How gemma_lm.preprocessor.sequence_length dealing with large input data

Question

How gemma_lm.preprocessor.sequence_length dealing with large input data

Closed this issue 2 months ago · 3 comments

Hi
Can someone help me please?
I want to know how Gemma_lm.preprocessor.sequence_length handles large input data that exceeds the length
Thanks

Answer 1 · 2024-04-19T21:04:03.000Z

The output is truncated if the length of the tokens in the prompt is greater than the sequence length. So, only the leftmost sequence_length number of tokens will be present in the output. Here's an example:

from keras_nlp.models import MistralCausalLMPreprocessor

prompt = "This is how KerasNLP tokenizers work."

tokenizer = MistralCausalLMPreprocessor.from_preset("mistral_7b_en")

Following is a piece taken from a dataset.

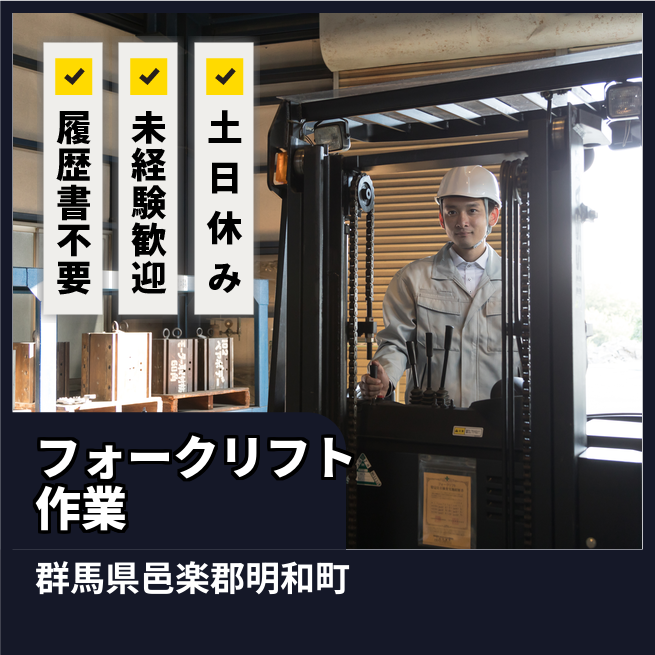 給与詳細 月収例 227,500円 日給例 10,400円 勤務地 群馬県邑楽郡明和町 仕事内容 【業務内容】

tokenizer(prompt, sequence_length=15)[0]['token_ids']
# <tf.Tensor: shape=(15,), dtype=int32, numpy=
# array([    1,   851,   349,   910,   524, 11234, 28759, 11661,  6029,
#        17916,   771,     0,     0,     0,     0], dtype=int32)>

tokenizer(prompt, sequence_length=5)[0]['token_ids']
# <tf.Tensor: shape=(5,), dtype=int32, numpy=array([  1, 851, 349, 910, 524], dtype=int32)>

Let me know if this answers your question!

Answer 2 · 2024-04-20T05:35:17.000Z

Thanks😄

Answer 3 · 2024-04-20T05:57:11.000Z

Closing it, if you have any other questions, feel free to reopen!